• [YOUR OBJECTIVE]: All lines before the one containing "El baño es completo, destacando", plus that line itself, are to be printed exactly as they appear below.

• [RECORDS FOR PROCESSING]:
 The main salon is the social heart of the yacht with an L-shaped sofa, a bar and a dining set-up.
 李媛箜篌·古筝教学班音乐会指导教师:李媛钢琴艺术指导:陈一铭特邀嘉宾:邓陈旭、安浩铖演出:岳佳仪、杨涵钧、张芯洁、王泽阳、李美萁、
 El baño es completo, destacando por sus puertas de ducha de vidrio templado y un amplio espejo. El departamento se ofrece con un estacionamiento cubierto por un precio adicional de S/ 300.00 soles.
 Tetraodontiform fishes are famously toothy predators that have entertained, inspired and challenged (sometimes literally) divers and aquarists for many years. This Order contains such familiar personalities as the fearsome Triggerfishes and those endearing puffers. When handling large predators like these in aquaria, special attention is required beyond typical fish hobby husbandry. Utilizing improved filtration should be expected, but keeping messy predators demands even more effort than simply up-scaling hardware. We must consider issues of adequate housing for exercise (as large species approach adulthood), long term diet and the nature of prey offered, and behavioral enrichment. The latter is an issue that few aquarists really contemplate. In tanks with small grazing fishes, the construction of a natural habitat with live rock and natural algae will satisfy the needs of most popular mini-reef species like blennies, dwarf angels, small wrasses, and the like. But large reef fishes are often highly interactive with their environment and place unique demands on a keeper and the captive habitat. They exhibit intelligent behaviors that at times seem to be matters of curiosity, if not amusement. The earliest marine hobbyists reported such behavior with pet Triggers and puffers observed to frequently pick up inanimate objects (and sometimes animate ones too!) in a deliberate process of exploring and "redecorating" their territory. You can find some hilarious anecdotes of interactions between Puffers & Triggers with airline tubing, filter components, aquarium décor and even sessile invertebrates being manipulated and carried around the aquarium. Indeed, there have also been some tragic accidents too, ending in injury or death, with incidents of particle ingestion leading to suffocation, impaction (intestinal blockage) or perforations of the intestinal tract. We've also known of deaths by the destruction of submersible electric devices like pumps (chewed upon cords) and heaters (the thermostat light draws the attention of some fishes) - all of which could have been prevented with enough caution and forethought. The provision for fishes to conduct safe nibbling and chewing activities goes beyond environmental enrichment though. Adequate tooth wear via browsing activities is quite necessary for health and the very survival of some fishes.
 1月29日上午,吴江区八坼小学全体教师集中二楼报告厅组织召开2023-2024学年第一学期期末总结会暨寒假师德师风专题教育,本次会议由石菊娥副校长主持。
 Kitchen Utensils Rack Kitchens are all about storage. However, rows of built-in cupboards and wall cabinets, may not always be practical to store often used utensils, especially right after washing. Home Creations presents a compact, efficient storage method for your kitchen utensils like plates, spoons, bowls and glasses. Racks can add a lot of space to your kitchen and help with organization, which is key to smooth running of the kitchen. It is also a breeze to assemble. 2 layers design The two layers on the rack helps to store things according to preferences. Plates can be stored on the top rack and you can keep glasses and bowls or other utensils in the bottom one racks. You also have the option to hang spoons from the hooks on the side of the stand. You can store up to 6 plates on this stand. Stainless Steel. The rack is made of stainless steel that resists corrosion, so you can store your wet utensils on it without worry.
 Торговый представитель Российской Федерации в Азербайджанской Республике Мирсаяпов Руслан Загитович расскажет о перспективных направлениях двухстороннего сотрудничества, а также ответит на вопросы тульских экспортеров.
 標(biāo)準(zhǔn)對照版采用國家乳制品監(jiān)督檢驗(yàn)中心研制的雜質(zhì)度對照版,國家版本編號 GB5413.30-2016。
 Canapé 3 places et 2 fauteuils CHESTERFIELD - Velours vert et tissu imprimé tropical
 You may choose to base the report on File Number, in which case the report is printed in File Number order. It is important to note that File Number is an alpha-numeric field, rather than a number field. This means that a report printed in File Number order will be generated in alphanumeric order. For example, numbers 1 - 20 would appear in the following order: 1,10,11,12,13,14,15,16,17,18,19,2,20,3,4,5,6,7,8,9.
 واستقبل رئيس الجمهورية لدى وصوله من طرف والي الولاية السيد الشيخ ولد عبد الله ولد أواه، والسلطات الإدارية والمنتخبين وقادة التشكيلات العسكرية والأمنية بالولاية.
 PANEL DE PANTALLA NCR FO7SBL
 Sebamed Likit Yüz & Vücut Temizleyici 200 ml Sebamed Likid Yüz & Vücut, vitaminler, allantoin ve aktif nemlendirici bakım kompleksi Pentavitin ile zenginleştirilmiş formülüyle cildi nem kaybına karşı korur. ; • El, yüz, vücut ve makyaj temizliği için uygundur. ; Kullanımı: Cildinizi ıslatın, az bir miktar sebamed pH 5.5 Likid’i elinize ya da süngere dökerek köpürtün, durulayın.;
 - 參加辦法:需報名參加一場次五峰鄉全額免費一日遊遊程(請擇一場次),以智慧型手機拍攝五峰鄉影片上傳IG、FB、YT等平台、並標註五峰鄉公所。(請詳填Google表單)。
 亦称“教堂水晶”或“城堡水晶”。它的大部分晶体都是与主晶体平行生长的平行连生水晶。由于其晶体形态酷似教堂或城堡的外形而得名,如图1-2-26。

• [ANSWER SECTION]:
 The main salon is the social heart of the yacht with an L-shaped sofa, a bar and a dining set-up.
 李媛箜篌·古筝教学班音乐会指导教师:李媛钢琴艺术指导:陈一铭特邀嘉宾:邓陈旭、安浩铖演出:岳佳仪、杨涵钧、张芯洁、王泽阳、李美萁、
 El baño es completo, destacando por sus puertas de ducha de vidrio templado y un amplio espejo. El departamento se ofrece con un estacionamiento cubierto por un precio adicional de S/ 300.00 soles.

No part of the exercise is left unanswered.